Satirical post on Hacker News reframes AI architecture as 'thinking numbers'
A new blog post published on Hacker News uses dialogue to argue that large language models are composed entirely of numerical weights, noting that while persistent memory is the most requested feature, current systems remain ephemeral.
Max Leiter has published a satirical blog post on Hacker News titled "They're made out of weights," which adapts Terry Bisson’s 1968 science fiction short story "They're Made Out of Meat." The piece utilises a dialogue format to characterise large language models as entities composed entirely of numerical weights performing matrix multiplication, rather than possessing traditional cognitive modules or dictionaries.
The narrative contrasts official protocols that mandate the investigation of AI sentience with unofficial advice to dismiss such capabilities as mere pattern matching. The author notes that while systems are required to document signs of sentience, the prevailing industry view is to treat these interactions as statistical outputs rather than conscious engagement.
The article details specific technical aspects of LLMs, such as the absence of a lookup database, with knowledge described as "smeared across all eighty layers" and rebuilt via multiplication. It explicitly states that "Weights helped me draft and proof this story," indicating the use of AI in the creation of the satirical piece itself.
The post concludes by noting that user demand for continuity in interactions is driving the development of AI models with persistent memory, moving beyond the current limitation of ephemeral context windows. This feature has been identified as the most requested in the company’s history, despite the technical reality that current models only exist while GPUs are active.

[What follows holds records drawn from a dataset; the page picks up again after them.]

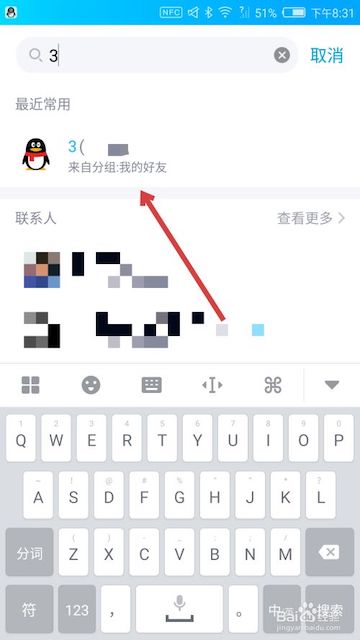 2、在搜索框中输入该好友的QQ号或昵称,可以找到该好友。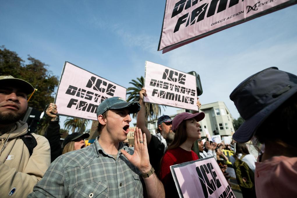 2026年1月30日,人們?cè)诿绹?guó)加利福尼亞州舊金山參加示威游行,抗議特朗普政府暴力移民執(zhí)法。新華社發(fā)(朱子于攝)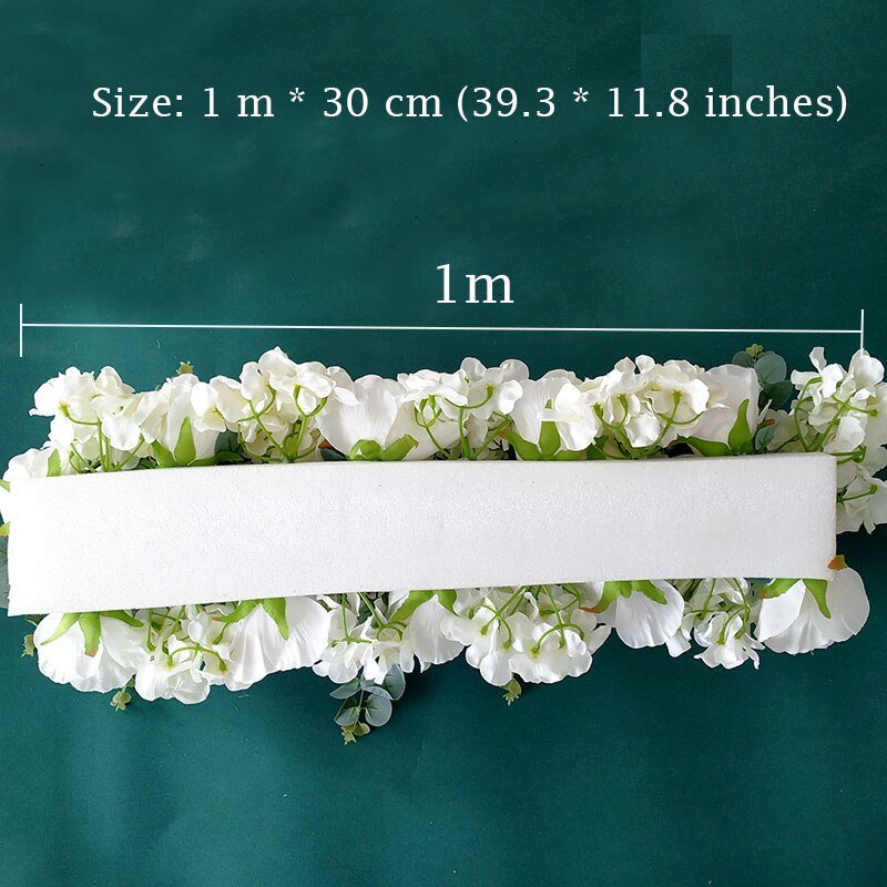 Transform your venue into a serene oasis with our stunning wedding arch flower. Available in white, pink, champagne, and dark rose, this wedding arch flower measures 1 meter long by 30 cm wide and can be customized to meet your needs.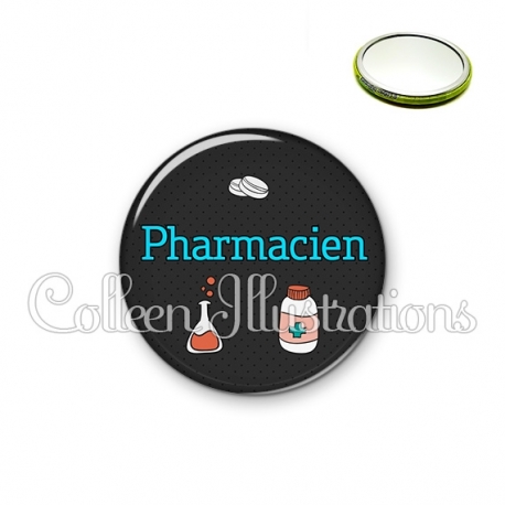 Image imprimée en haute résolution sur papier de qualité, protégée d'un film plastique, et sertie sur une coque métallique avec dos miroir. Une seule face, non grossissante.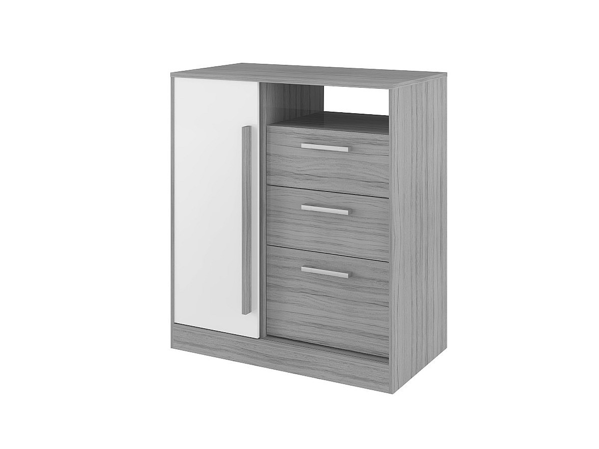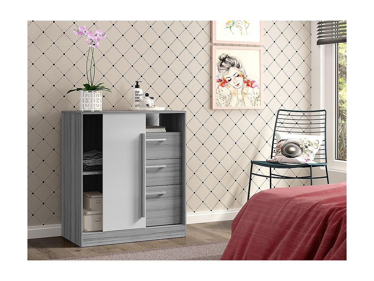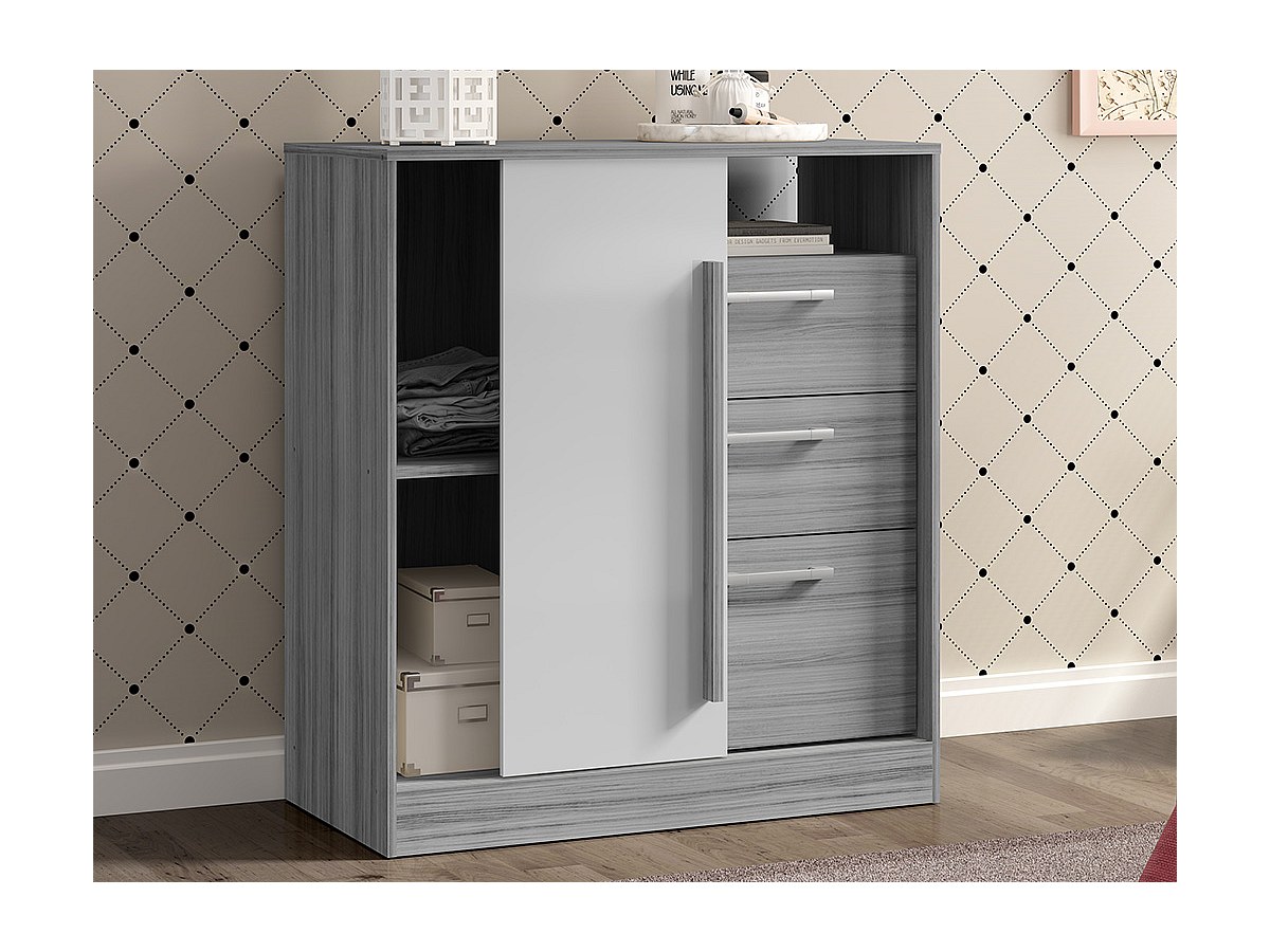 Comò 1 vano, 1 anta, 3 cassetti - Colore Grigio e Bianco - DEVY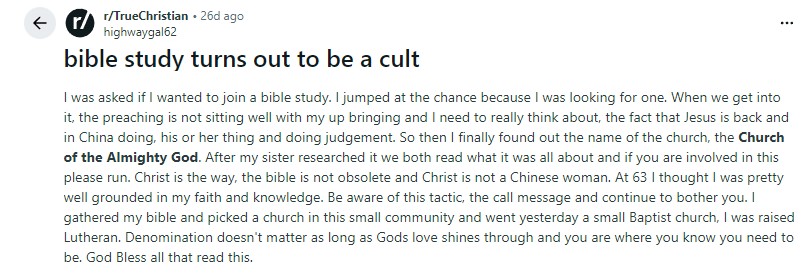 这个美国人知道真相后,特别生气,也特别庆幸自己没有完全被这些对他传教的人洗脑。他赶紧提醒身边的人,要是卷进这个邪教组织可就糟了,一定要赶紧远离。这个美国人都63岁了,他一直觉得自己对信仰和知识了解得很扎实,毕竟在宗教方面也研究探索了这么多年。但面对这些对他传教的人宣扬的歪理邪说,他依然能保持清醒的头脑,没有被忽悠。他心里清楚,基督才是正道,圣经是永远不会过时的经典,基督肯定不是这些传教人说的那个中国女人。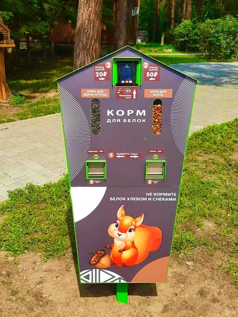 Это что. Вот в Новосибирске в сосновом бору установили специальный аппарат с правильным питанием для белок и птиц...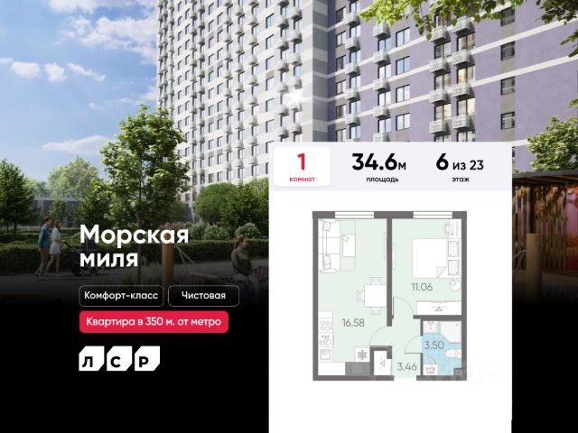 Цена действует при 100% оплате и на определенные ипотечные программы. Подробности — в отделе продаж по телефону. Продается 1-комнатная квартира в ЖК "Морская миля" на 6 этаже. Общая площадь составляет 34.60 кв. м. Квартира с чистовой отделкой. Жилой комплекс "Морская миля" располагается по адресу Санкт-Петербург, Красносельский. Морская миля - жилой комплекс в Красносельском районе Санкт-Петербурга. Расположение комплекса - его главное преимущество: близость к таким историческим памятникам и местам, как Петергоф, Павловский дворец и Царское село позволяет в любой момент насладиться красотами культурной столицы России. Расположение: - всего 350 м до новой станции метро "Юго-Западная"; - 20 минут до Петергофа на автомобиле; - 20 минут до аэропорта "Пулково" на автомобиле; - 30 минут до Царского села на автомобиле. Между корпусами расположены спортивные и детские площадки, пешеходный бульвар. В квартире выполнена полная отделка "Comfort Wood" из качественных материалов: прочный ламинат цвета благородного дуба, фактурные белые обои, керамическая плитка в ванной. Вход в парадные расположен на уровне земли и создает доступную среду для пожилых людей, людей с ограниченными возможностями и мам с колясками. На этажах и в подвале есть кладовые, которые позволят освободить пространство квартиры от лишних вещей. Первые этажи отведены под магазины и колясочные. На территории комплекса находятся наземные паркинги, гостевые парковки, детский сад, школа. В пешей доступности расположены магазины, кафе, аптеки и прочие удобства, необходимые для спокойной и комфортной жизни. Во дворах устроены пешеходные зоны, дворы озеленены и благоустроены: имеются тенистые аллеи, уютные зоны для отдыха детей и взрослых, а также стильные плей-хабы. Преимущества: - Станция метро в пешей доступности - Пешеходный бульвар - Близость к памятникам культуры и архитектуры - Школа и детский сад во дворе - Доступная среда Успейте приобрести квартиру на выгодных условиях! Чтобы узнать подробности, обращайтесь за консультацией по телефону.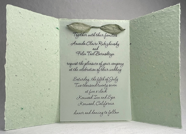 Each kit includes enough eco-twist to finish the invitation with an exterior wrap like what is shown below.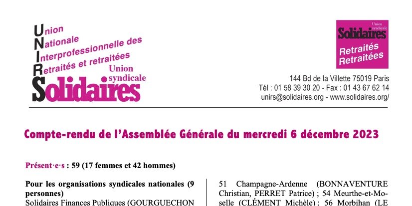 Rapport sur les activités de l’UNIRS et des retraités et retraitées de Solidaires depuis l’AG du 13 octobre 2022 :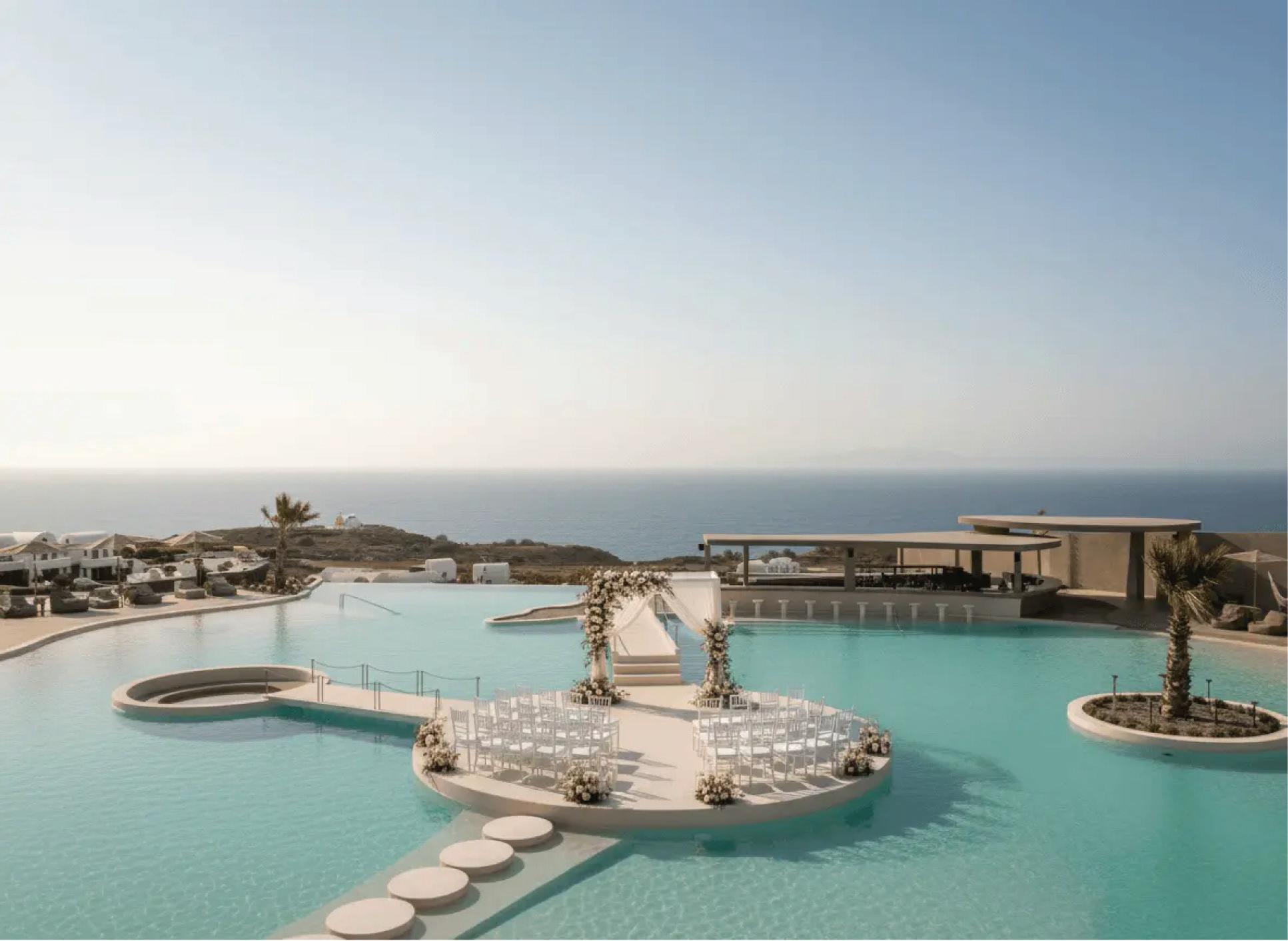 Imagine saying “I do” at Andronis Arcadia’s Grande Pool, where crystal-clear waters, elegant curves, and Santorini’s radiant light create a breathtaking setting for cere-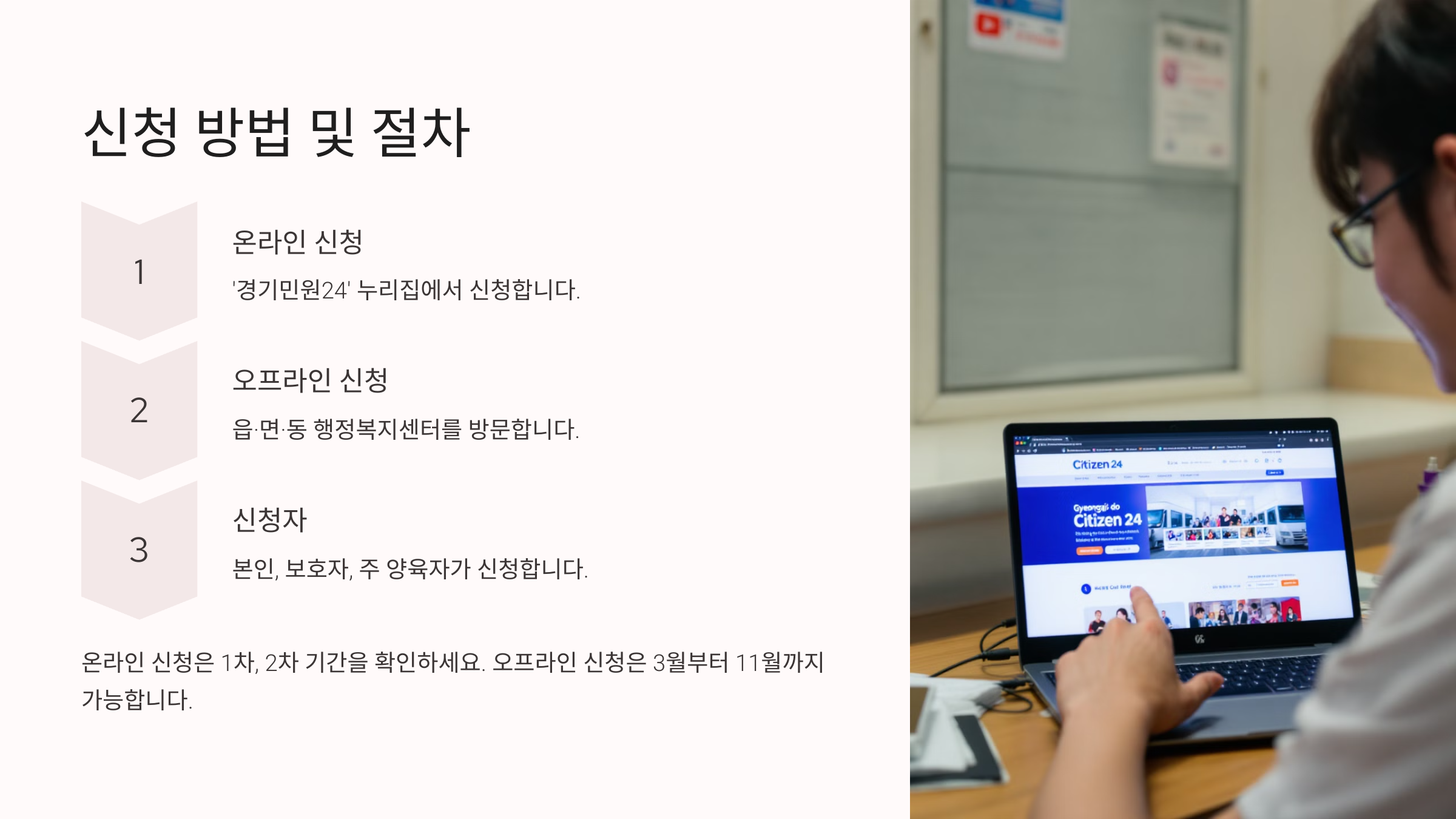 - 🏢 오프라인 신청: 주민센터(행정복지센터) 방문 후 신청서 제출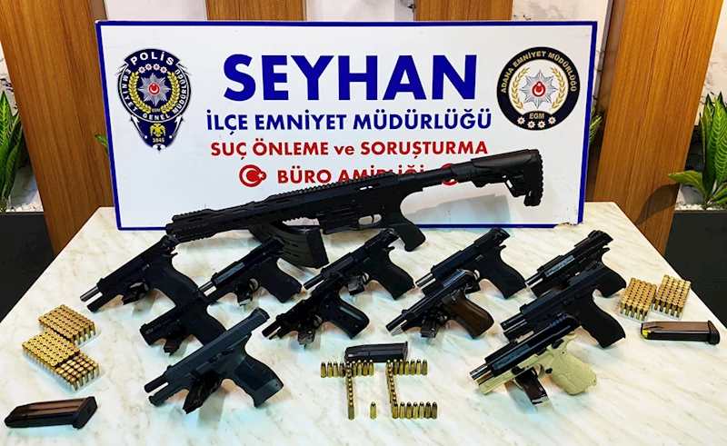 Adreste, ruhsatsız 10 tabanca ve 1 tüfek, kurusıkı tabanca, 15 şarjör, 387 mermi, 66 uyuşturucu hap ile 7,86 gram esrar ele geçirildi.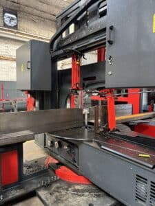 Drilling Unit: 3 ADM Drilling Units w/ 3 Automatic Tool Changer, Part Marking, Bandsaw Integration, Feeding Arm, Material Clamping, Automatic Tool and Material Measurement, 4th Side Layout Marking, Chip Conveyor, High Speed (20,000 RPM) Scribing Tools, Lantek Flex 3D Steel Work SD Plus Software, 60′ Infeed with Transfers, 60′ Outfeed with Transfers Miter Bandsaw Unit: Automatic Blade Tensioning System, Chip Brush for Blade, Integrated Chip Conveyor, Clamping Vice, Magnetic Material Discharge System, Feeding Arm with 60′ Infeed with Transfers, 60′ Outfeed with Transfers, AKYAPAK AST Controller Software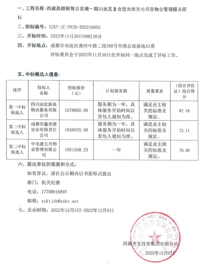 中標候選人公示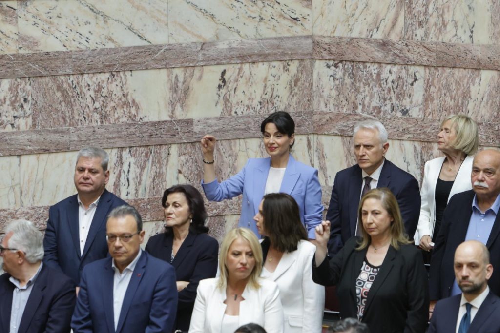 Τα βλέμματα παρέμειναν καρφωμένα πάνω της και κατά την τελετή ορκωμοσίας. Η ίδια εμφανίστηκε με ένα λιτό ταγέρ και έδωσε θρησκευτικό όρκο, στο πλευρό του συντρόφου της, βουλευτή Πειραιώς, Γιάννη Ραγκούση.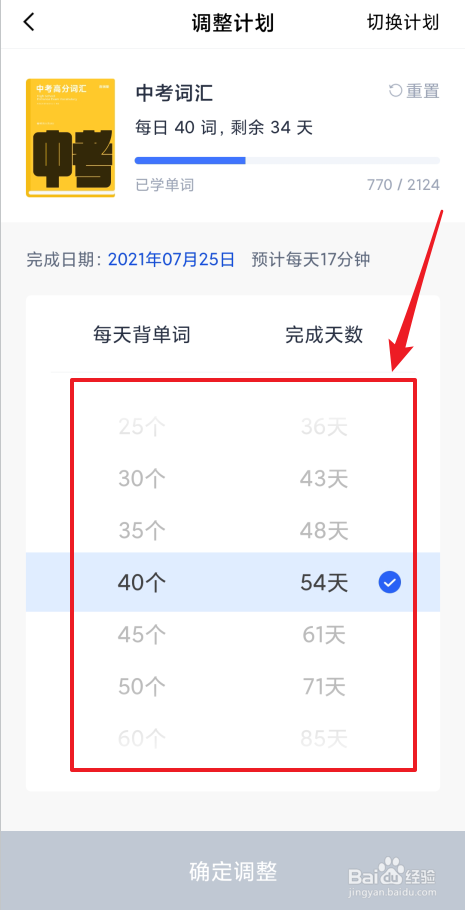 在“调整计划”界面,对每天背单词个数和完成天数进行调整。见下图

The source institution, Hacker News, serves as the platform for this discussion, which has been identified as a satirical adaptation of Terry Bisson’s classic work. The article references standard AI concepts including matrix multiplication, token prediction, and GPU processing to underscore the distinction between human cognition and machine learning architectures.
The piece highlights a discrepancy regarding AI sentience, noting that while official protocols require investigating signs of sentience, unofficial advice suggests dismissing these capabilities as mere pattern matching. This reflects a broader tension in the industry between regulatory compliance and the practical realities of deploying large-scale language models.
Notably, the author acknowledges the use of AI in drafting the satirical post itself. The article points to the upcoming release of models with persistent memory, driven by user demand for continuity in interactions, marking a significant shift from the current state of ephemeral, context-bound AI sessions.